Kenapa lubang di amandel bisa jadi masalah?

Lubang atau celah di amandel bisa menjadi tempat berkumpulnya sisa makanan, lendir, sel kulit mati, dan bakteri.

Lama-kelamaan, material ini bisa mengeras dan membentuk batu amandel. Bentuknya biasanya kecil, warnanya putih atau kekuningan, dan kadang mengeluarkan bau tidak sedap.

Batu amandel sering mengandung bakteri penghasil sulfur, sehingga dapat menyebabkan bau mulut kronis atau rasa tidak enak di mulut.

Apa gejala amandel berlubang?

ilustrasi sakit tenggorokan (freepik.com/Lifestylememory)

Tidak semua orang dengan kripta tonsil akan merasakan keluhan. Banyak orang baru menyadarinya secara tidak sengaja saat melihat ke dalam mulut. Namun, jika lubangnya cukup dalam atau sering terbentuk batu amandel, gejala yang bisa muncul antara lain:

  • Bau mulut yang tidak hilang.

  • Rasa mengganjal di tenggorokan.

  • Sulit menelan.

  • Rasa seperti ada benda yang tersangkut.

  • Sakit tenggorokan ringan berulang.

  • Batuk kecil yang terus muncul.

  • Nyeri telinga tanpa infeksi telinga.

  • Bintik putih atau kuning di amandel.

Batu amandel juga kadang bisa keluar sendiri saat batuk, bersin, berkumur, atau menyikat gigi.

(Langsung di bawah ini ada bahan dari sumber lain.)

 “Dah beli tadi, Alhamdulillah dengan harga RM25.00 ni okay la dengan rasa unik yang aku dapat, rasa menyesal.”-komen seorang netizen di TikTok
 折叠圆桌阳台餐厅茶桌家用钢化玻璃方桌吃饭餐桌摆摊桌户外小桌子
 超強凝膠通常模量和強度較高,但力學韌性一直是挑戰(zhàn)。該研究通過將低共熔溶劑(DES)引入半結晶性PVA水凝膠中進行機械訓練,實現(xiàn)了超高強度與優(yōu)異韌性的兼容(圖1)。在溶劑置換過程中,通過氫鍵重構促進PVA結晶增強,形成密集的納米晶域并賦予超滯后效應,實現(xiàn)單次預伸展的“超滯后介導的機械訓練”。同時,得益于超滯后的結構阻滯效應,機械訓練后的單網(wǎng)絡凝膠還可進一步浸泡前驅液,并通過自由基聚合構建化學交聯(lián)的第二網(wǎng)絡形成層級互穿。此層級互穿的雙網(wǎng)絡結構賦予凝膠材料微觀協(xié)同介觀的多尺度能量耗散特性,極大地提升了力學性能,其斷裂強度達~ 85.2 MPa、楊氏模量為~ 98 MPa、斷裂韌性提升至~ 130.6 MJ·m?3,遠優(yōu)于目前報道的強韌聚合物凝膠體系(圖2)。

Apakah amandel berlubang berbahaya?

Pada kebanyakan orang, kondisi ini tidak berbahaya. Kripta tonsil adalah bagian normal dari anatomi tubuh.

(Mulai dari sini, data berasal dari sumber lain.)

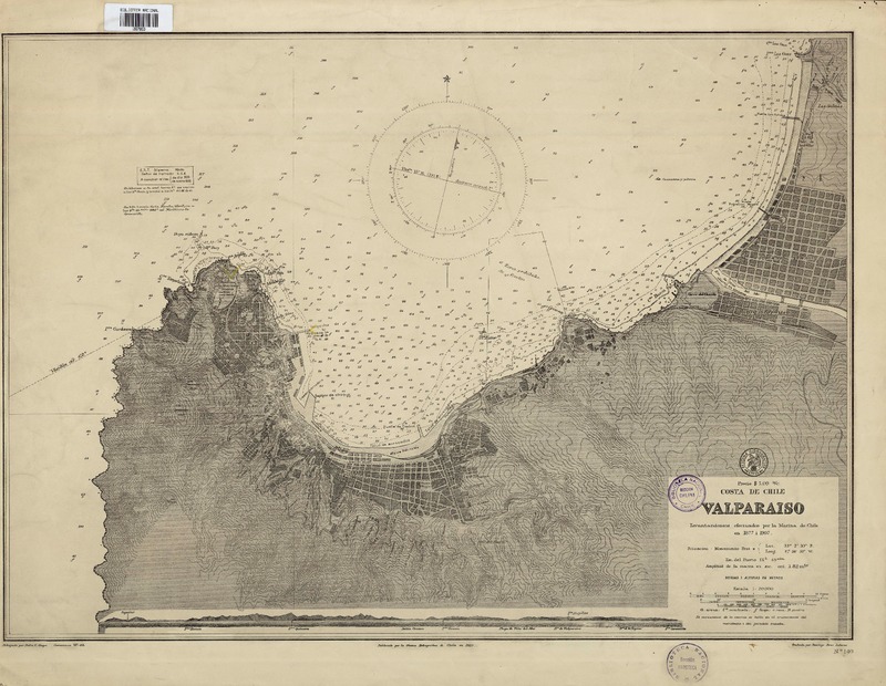 Valparaíso costa de Chile [material cartográfico] : levantamientos efectuados por la Marina de Chile en 1877 i 1907.

Masalah biasanya muncul jika kripta terlalu dalam, sering terjadi infeksi, atau batu amandel terbentuk berulang kali. Infeksi amandel kronis dapat membuat permukaan amandel menjadi lebih kasar dan berlubang dibanding sebelumnya.

Pada kasus yang jarang, batu amandel yang sangat besar bisa menyebabkan nyeri, kesulitan menelan, atau rasa tidak nyaman yang cukup parah.

Bagaimana cara mengurangi masalah akibat amandel berlubang?

Karena kripta adalah bagian alami dari amandel, “lubangnya” sendiri biasanya tidak bisa hilang begitu saja. Namun, ada beberapa cara untuk mengurangi keluhan:

  • Menyikat gigi dan membersihkan lidah secara rutin.

  • Berkumur dengan air garam.

  • Menggunakan mouthwash antibakteri.

  • Minum cukup air.

  • Mengurangi rokok.

  • Membersihkan batu amandel secara hati-hati jika terlihat.

  • Mengatasi alergi atau postnasal drip jika ada.

Dokter mungkin akan menggunakan alat seperti irrigator atau laser cryptolysis untuk mengurangi kedalaman kripta pada kasus tertentu. Jika infeksi dan batu amandel terjadi terus-menerus, operasi amandel bisa menjadi pilihan terakhir.

Kapan perlu ke dokter?

ilustrasi pasien sedang konsultasi dengan dokter (pexels.com/cottonbro studio)

Periksa ke dokter THT jika:

  • Bau mulut tidak membaik.

  • Batu amandel sering muncul.

  • Tenggorokan sering sakit.

  • Sulit menelan.

  • Amandel sering bengkak.

  • Ada darah, nyeri berat, atau benjolan yang tidak biasa.

Jadi, amandel berlubang bukan kondisi aneh atau berbahaya. Sebagian besar orang memang punya lekukan alami di permukaan amandel. Namun, jika lubang menjadi tempat berkumpulnya kotoran dan bakteri, gejalanya bisa mengganggu, terutama bau mulut dan rasa mengganjal. Menjaga kebersihan mulut dan tenggorokan penting untuk mengurangi masalah akibat kondisi ini.

Referensi

“Anatomy and Physiology of the Tonsils.” dalam Scott-Brown's Otorhinolaryngology and Head and Neck Surgery, 8th ed. (London: CRC Press, 2018).

“Tonsil Stones: Symptoms, Causes, Removal & Treatment." Cleveland Clinic. Diakses April 2026.

“Tonsillitis: Symptoms and Causes." Mayo Clinic. Diakses April 2026.